وَٱلَّذِينَ هُمْ عَلَىٰ صَلَوَٰتِهِمْ يُحَافِظُونَ
Wallazeena hum 'alaa Salawaatihim yuhaafizoon
Ve öyle kişilerdir onlar ki namazlarını korurlar.
أُو۟لَٰٓئِكَ هُمُ ٱلْوَٰرِثُونَ
Ulaaa'ika humul waarisoon
Onlardır mirasçılar.
ٱلَّذِينَ يَرِثُونَ ٱلْفِرْدَوْسَ هُمْ فِيهَا خَٰلِدُونَ
Allazeena yarisoonal Firdawsa hum feehaa khaalidoon
Öyle kişilerdir onlar ki Firdevs'i miras alırlar ve onlar orada ebedi kalırlar.
وَلَقَدْ خَلَقْنَا ٱلْإِنسَٰنَ مِن سُلَٰلَةٍۢ مِّن طِينٍۢ
Wa laqad khalaqnal insaana min sulaalatim minteen
Andolsun ki biz insanı, balçık mayasından yarattık.
ثُمَّ جَعَلْنَٰهُ نُطْفَةًۭ فِى قَرَارٍۢ مَّكِينٍۢ
Summa ja'alnaahu nutfatan fee qaraarim makeen
Sonra onu, sağlam bir karar yurdunda bir katre su kıldık.

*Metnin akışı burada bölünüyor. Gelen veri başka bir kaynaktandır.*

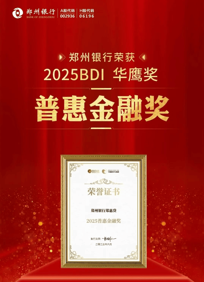 近日,在亚太银行联盟组委会主办的2025华鹰奖BDI数字化指数评选活动中,郑州银行凭借普惠金融创新贷款产品“郑惠贷”,荣获“2025BDI华鹰奖普惠金融奖”。
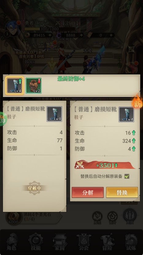 3、放置玩法和即时战斗的双重游戏乐趣,挂机系统轻松进行游戏。

ثُمَّ خَلَقْنَا ٱلنُّطْفَةَ عَلَقَةًۭ فَخَلَقْنَا ٱلْعَلَقَةَ مُضْغَةًۭ فَخَلَقْنَا ٱلْمُضْغَةَ عِظَٰمًۭا فَكَسَوْنَا ٱلْعِظَٰمَ لَحْمًۭا ثُمَّ أَنشَأْنَٰهُ خَلْقًا ءَاخَرَ ۚ فَتَبَارَكَ ٱللَّهُ أَحْسَنُ ٱلْخَٰلِقِينَ
Summa khalaqnan nutfata 'alaqatan fakhalaqnal 'alaqata mudghatan fakhalaq nal mudghata 'izaaman fakasawnal 'izaama lahman summa anshaanaahu khalqan aakhar; fatabaarakal laahu ahsanul khaaliqeen
Sonra o bir katre suyu kan pıhtısı haline getirdik, derken kan pıhtısını bir parça et haline soktuk, derken ette kemikler yarattık, derken kemiklere et giydirdik, sonra da onu başka bir yaratılışla meydana getirdik; ne yücedir şanı yaratıcıların en güzeli Allah'ın.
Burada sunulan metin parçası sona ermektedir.